In conventional genome sequencing, scientists must make many copies of the DNA they are trying to decipher, randomly break the DNA into segments, and feed the broken segments through a computerized machine that reads the string of nucleic acids. Then, scientists look for overlapping regions of the broken segments and fit them together like tiles on a roof to form long regions of DNA that make up a gene.
In the current study, the Hopkins team was able to skip the DNA amplification step conventional sequencing by using CRISPR to make targeted cuts in DNA isolated from a sliver of tissue taken from a patient’s breast cancer tumor. Then, the scientists glued so-called “sequencing adaptors” to the CRISPR-snipped ends of the DNA sections. The adaptors serve as a kind of handle that guide DNA to tiny holes or “nanopores” which read the sequence. By passing DNA through the narrow hole, a sequencer can build a readout of DNA letters based on the unique electrical current that occurs when each chemical code “letter” slides through the hole.
The researchers described a process called “nanopore Cas9-targeted sequencing (nCATS), an enrichment strategy that uses targeted cleavage of chromosomal DNA with Cas9 to ligate adapters for nanopore sequencing. We showed that nCATS can simultaneously assess haplotype-resolved single-nucleotide variants, structural variations and CpG methylation. We apply nCATS to four cell lines, to a cell-line-derived xenograft, and to normal and paired tumor/normal primary human breast tissue. Median sequencing coverage was 675× using a MinION flow cell and 34× using the smaller Flongle flow cell. The nCATS sequencing requires only ~3 μg of genomic DNA and can target a large number of loci in a single reaction.”
Among 10 breast cancer genes the Hopkins team focused on, the Johns Hopkins scientists were able to use nanopore sequencing on breast cancer cell lines and tissue samples to detect a type of DNA alteration called methylation, where chemicals called methyl groups are added to DNA around genes that affect how genes are read.

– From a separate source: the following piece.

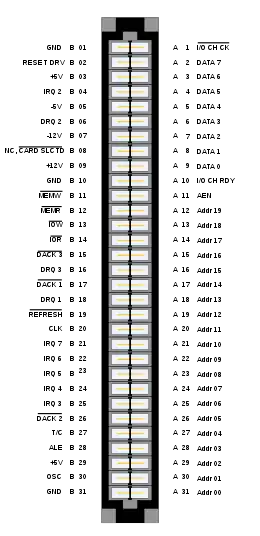 Cele două versiuni se disting ca magistrală XT și respectiv magistrală AT în raport cu computerul pe care au fost implementate. Pentru conectarea cardurilor de extensie, pe placa de bază este prevăzut un conector special, de obicei negru. Un conector cu 62 de sloturi este prevăzut pentru magistrala XT, în timp ce pentru magistrala AT există un conector cu 98 de contacte.

The researchers found a location of decreased DNA methylation in a gene called keratin 19 (KRT19), which is important in cell structure and scaffolding. Previous studies have shown that a decrease in DNA methylation in KRT19 is associated with tumor spread. In the breast cancer cell lines, they studied, the Johns Hopkins team was able to generate an average of 400 “reads” per basepair, a reading “depth” hundreds of times better than some conventional sequencing tools. Among their samples of human breast cancer tumor tissue taken at biopsies, the team was able to produce an average of 100 reads per region.
“This is certainly less than what we can do with cell lines, but we have to be gentler with DNA from human tissue samples because it’s been frozen and thawed several times,” Timp remarked.

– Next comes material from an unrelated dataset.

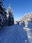na sjezdovku jelo zhruba stejně. Původní plán dojet až na Dlouhou Louku nevyšel, ráno v devět ještě tu trasu nestihli projet (dodělali to během dne), tak jsme si zakroužili po zdejších okruzích. Vystartovali jsme do mlhy, která se ale záhy rozplynula a my si užívali kýčovitě zimní svezení a ještě prvenství ve stopě :-). Přestože rolba stopu projela již několikrát, lyže se do prašanu dost zabořovaly. Lyže i hůlky vrzaly, sklouznutí bylo zejména v kopcích nutno pořádně podpořit rukama. Mezi pátým a šestým okruhem nám stopu přehradil středně velký smrček. Za naprostého bezvětří, asi už ho to prostě přestalo bavit, nebo si nás chtěl prohlédnout víc zblízka :-). Po tréninku jsme zaskočili do hospody hned vedle dojezdu na parkoviště. Měli několik druhů polévek, hotovky atp. | ||||||||||||||||||||||||||||||||||||||||||||||||||||||||||||||||||||||||

In addition to their studies of DNA methylation and small mutations, the investigators sequenced the gene commonly associated with breast cancer: BRCA1, which spans a region on the genome more than 80,000 bases long.

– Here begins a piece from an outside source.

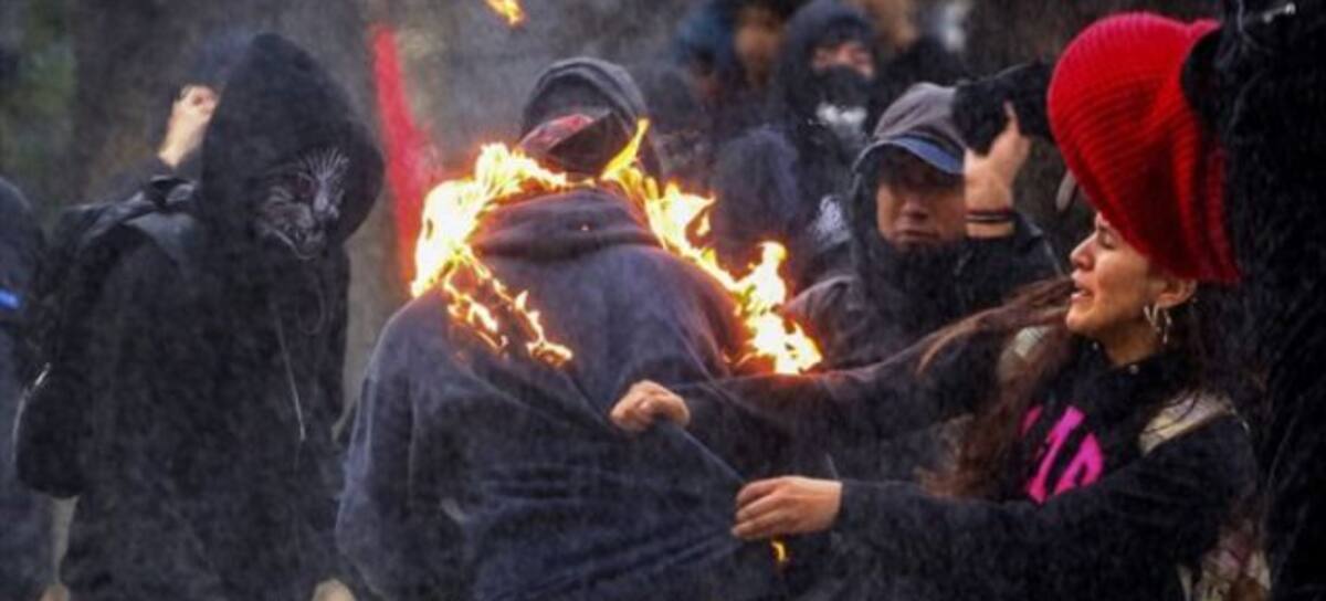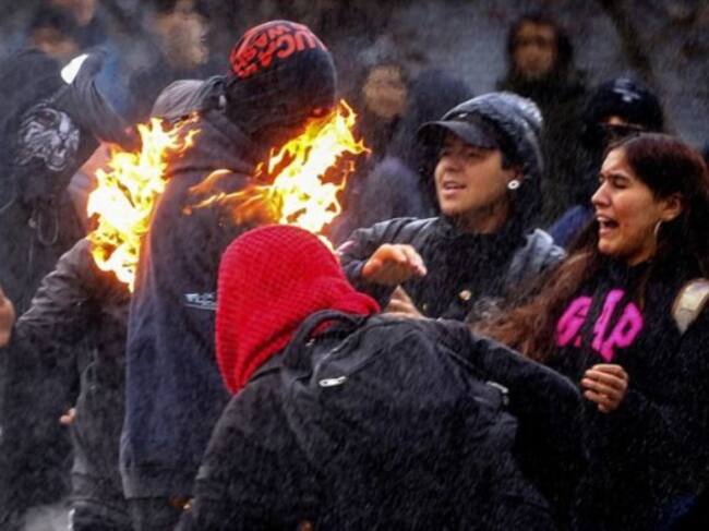 Encapuchados terminaron quemados tras lanzar bombas molotov en la marcha

“This gene is really long, and we were able to collect sequencing reads which went all the way through this large and complex region,” noted lead study investigator Timothy Gilpatrick, an MD/PhD student in Timp’s laboratory.
In addition to its potential to guide treatment for patients, Timp says the combination of CRISPR technology and nanopore sequencing provides such depth that it may help scientists find new disease-linked gene alterations specific to one allele (inherited from one parent) and not another. While they were excited by their findings, the researchers plan to continue refining the CRISPR/nanopore sequencing technique and testing its capabilities in other tumor types.
“Because we can use this technique to sequence really long genes, we may be able to catch big missing blocks of DNA we wouldn’t be able to find with more conventional sequencing tools,” Timp concluded.